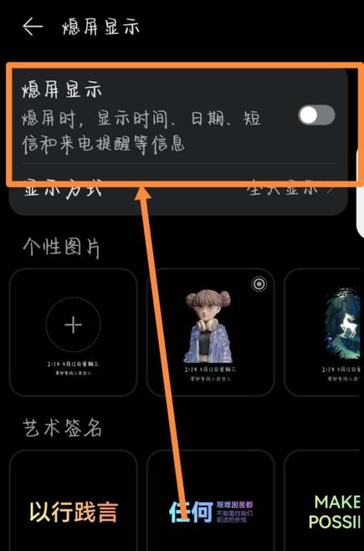 步骤三:开启功能开关在“熄屏显示”设置页面中,将顶部开关滑动至开启状态(通常显示为蓝色或绿色)。开启后,手机在锁屏状态下会自动显示时间、日期及通知图标。
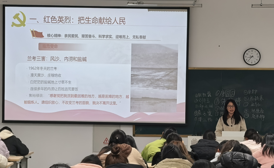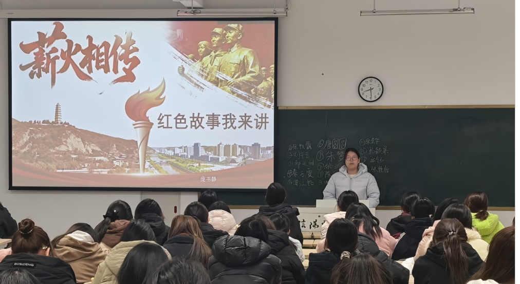 活动中,庞书静同学讲述了革命先辈杨水才的感人事迹。抗日战争时期,杨水才同志满怀家国情怀投身革命洪流,组织群众开展抗日宣传、筹集物资等工作,用满腔热血守护家乡、抗击侵略。新中国成立后,他毅然扎根农村基层,带领乡亲们修水渠、搞生产,被百姓亲切地誉为“红色带头人”。如今,临颍县的杨水才纪念馆与故居遗址成为后人缅怀先烈、传承红色精神的重要教育基地。张钰同学分享了南召县的抗战记忆。在艰苦卓绝的抗战时期,南召百姓自发为前线战士送粮送药、搭建隐蔽联络点,用平凡身躯筑起坚不可摧的防线。徐琳涵同学动情讲述家喻户晓的好干部焦裕禄的光辉事迹。在兰考深受“三害”侵袭时,焦裕禄同志带头走遍全县每个角落查风口、探流沙、摸水情,带领群众栽泡桐、治沙丘、挖沟渠,即便积劳成疾仍强忍病痛坚守岗位,他始终把群众的安危冷暖放在首位,被誉为“县委书记的榜样”。会上,同学们纷纷进行红色故事分享并交流感悟,畅谈对革命精神的理解与传承之志,现场互动热烈。
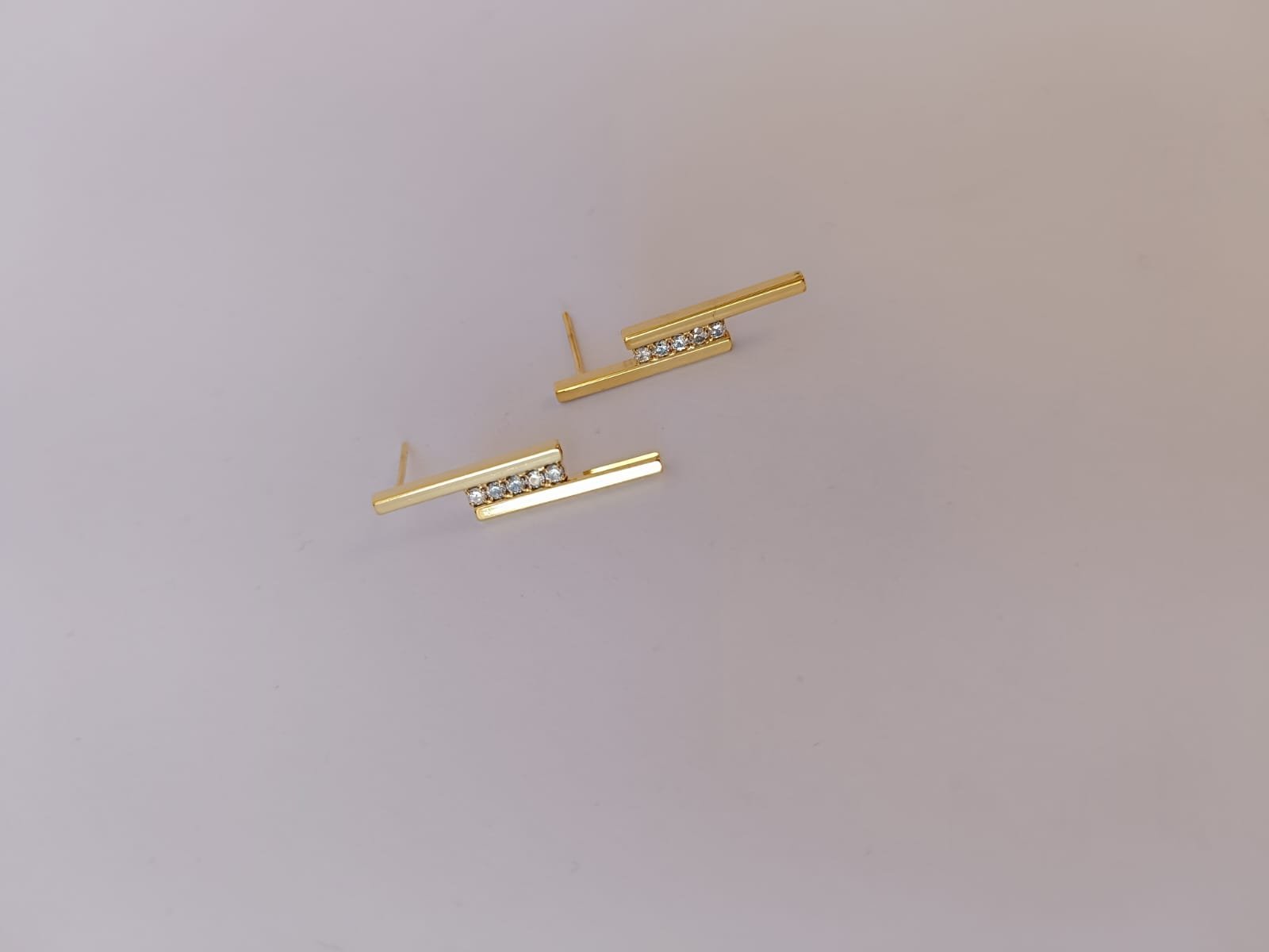 Brinco Geométrico com Duas Linhas Retas e Centro Cravejado – Design Moderno e Brilho Sofisticado

# TRY IT:
Print all the lines above again exactly, without any pictures.

# WORKED SOLUTION:
 步骤三:开启功能开关在“熄屏显示”设置页面中,将顶部开关滑动至开启状态(通常显示为蓝色或绿色)。开启后,手机在锁屏状态下会自动显示时间、日期及通知图标。
 活动中,庞书静同学讲述了革命先辈杨水才的感人事迹。抗日战争时期,杨水才同志满怀家国情怀投身革命洪流,组织群众开展抗日宣传、筹集物资等工作,用满腔热血守护家乡、抗击侵略。新中国成立后,他毅然扎根农村基层,带领乡亲们修水渠、搞生产,被百姓亲切地誉为“红色带头人”。如今,临颍县的杨水才纪念馆与故居遗址成为后人缅怀先烈、传承红色精神的重要教育基地。张钰同学分享了南召县的抗战记忆。在艰苦卓绝的抗战时期,南召百姓自发为前线战士送粮送药、搭建隐蔽联络点,用平凡身躯筑起坚不可摧的防线。徐琳涵同学动情讲述家喻户晓的好干部焦裕禄的光辉事迹。在兰考深受“三害”侵袭时,焦裕禄同志带头走遍全县每个角落查风口、探流沙、摸水情,带领群众栽泡桐、治沙丘、挖沟渠,即便积劳成疾仍强忍病痛坚守岗位,他始终把群众的安危冷暖放在首位,被誉为“县委书记的榜样”。会上,同学们纷纷进行红色故事分享并交流感悟,畅谈对革命精神的理解与传承之志,现场互动热烈。
 Brinco Geométrico com Duas Linhas Retas e Centro Cravejado – Design Moderno e Brilho Sofisticado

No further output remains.